Fall Back (Winter is Ahead)

17 November 2021
By Madeline Goldberg
A Tree in the fall.
Outside Burton, before the first snow.

I was never afraid of the winter before I came to Minnesota. Actually, I remember liking it — even looking forward to it! Snowy streets, the smell of pine, hot drinks in cold hands, red cheeks and rainbow scarves… but ever since I experienced negative 50, my fond seasonal recollections have been replaced by memories of Minnesota itself communicating to me, via the bitterest wind possible, that it thinks I should go away. As we fell back an hour on Sunday, my friends were talking about the changing seasons, and I realized something alarming: I think I’ve become a little preoccupied with the winter. Daylight savings hardly registered in my mind, because the ghost of winter haunts me throughout the entire year in a way it never used to before. 

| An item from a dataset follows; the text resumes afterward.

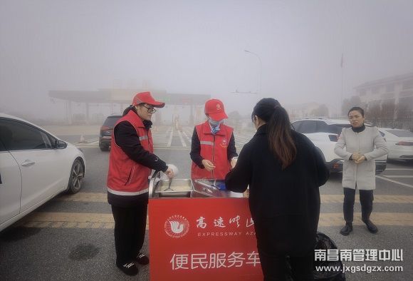 1月17日,受大雾天气影响,南昌南管理中心乐安北收费站实行大雾天气临时交通管制,该站立即组织青年志愿者们积极行动,为滞留乘客送上暖心服务。

We’ll begin in the fall, because that’s where we are now. You can tell it’s fall in Minnesota only by the trees and the weather reports, because no one here will dress for the weather until temperatures go negative. On Friday, the high was 40, and 4 people in my theater class were wearing T-shirts. Readers, I was in a winter coat, scarf, and ear muffs. I had a moment, walking to the Wietz, where I wondered if I was the crazy one, but the self-doubt soon passed, and I’m back to firmly believing that everyone else is the problem. A fun fact about me, if you somehow haven’t heard enough of those, is that I used to consider fall my favorite season. I love all the stereotypical things there are to love about fall, which I really don’t have to list here, because you know them already. 

My first fall on campus was a perfect college autumn — the trees outside of Laird were beautiful, I went apple picking with friends at Fireside, we baked pumpkin pies and watched The Nightmare Before Christmas. It may also have been my last perfect college autumn. Now that I know what follows, the fall seems, not to be dramatic here, a bit of a death rattle. Does anyone know what I mean? Does a little part of you wince when you step outside on a glorious fall day, because the cold in the air whispers a warning to you about snow on the way? 

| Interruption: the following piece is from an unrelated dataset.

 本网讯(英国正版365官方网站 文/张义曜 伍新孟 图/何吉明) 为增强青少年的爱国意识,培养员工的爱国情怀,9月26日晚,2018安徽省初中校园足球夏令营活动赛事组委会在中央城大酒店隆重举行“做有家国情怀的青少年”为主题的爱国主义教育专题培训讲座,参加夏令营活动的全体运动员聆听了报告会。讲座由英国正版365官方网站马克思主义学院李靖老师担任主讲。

Apologies — I was trying to get through this without sounding like a bad poet. What I mean to say is that I find it hard to enjoy the fall in a carefree sort of way, because I’m always casting worried glances into the coming months.

In the spring, the amount of joy I get from seeing those little purple flowers shoot out of the ground is concerning. (I recently learned that they’re called Siberian Squills, which is too good a name to go unmentioned). The lilac bushes all over campus? You can catch me stopping and sniffing them like some sort of weirdo on any day of the week. And if you see someone kneeling next to a flowerbed trying to get a nice angle of daffodils in the arb — that’s also probably me, and sorry for blocking the path. I should mention here that I’m not an outdoorsy sort of person, and yet, come spring, I’ve been known to head into the arb, plop myself down on a branch, and do my homework in the sun. It’s disconcerting, honestly, but there you have it. I can only put it down to pure relief that the cold is finally loosening its grip, because I never used to welcome spring quite so heartily. And in the summer, when I’m not even in Minnesota, things are no better! I found myself on the beach this August, sitting under an umbrella, watching some piping plovers run along the shoreline, when suddenly the thought “I’m so glad I’m not freezing right now” crossed my mind. I find I’m weirdly obsessed with the sunshine, like a housecat on steroids; in the spring and even in the summer, it feels vaguely shameful to stay inside on a sunny day. Sunshine guilt is not something I ever experienced before I got here, and I don’t know how to feel about it.

A Frozen Leaf
Fall, interrupted

Perhaps I’m simply in an awkward limbo stage right now, as four years is apparently not enough time to learn how to navigate the Midwestern seasons in a way that doesn’t leave you always thinking about the cold. Maybe the native Minnesotans, or the professors who have been here for years, aren’t haunted like I am; maybe you’ve all gotten used to the winter, and it doesn’t cast freezing shadows over the other times of year. Or maybe I’m just a weakling! Maybe this is totally un-relatable. If so, I’m jealous. Or I think I am. I can’t honestly say whether my sudden attention to the weather is a good thing, a bad one, or if it simply is. Is it helpful to be aware that the world is always changing? Is it somehow important to experience new levels of joy in the spring and summer, even if some dread leeches into the fall? Do I need to meditate, or something, so I’m more in tune with the present season, and not always preoccupied with what’s coming? Probably! But who’s to say, really. I don’t even know if this awareness will go away when I leave, or if I’ll always carry it with me. Given that this coming winter will likely be the last I ever spend in Minnesota, I guess I’ll find out relatively soon. 

For now, though, I’m trying to memorize the way the trees look while they still have some leaves, and reminding myself to be happy the sun isn’t setting at 2 in the afternoon yet. Enjoy the last days of fall, everyone.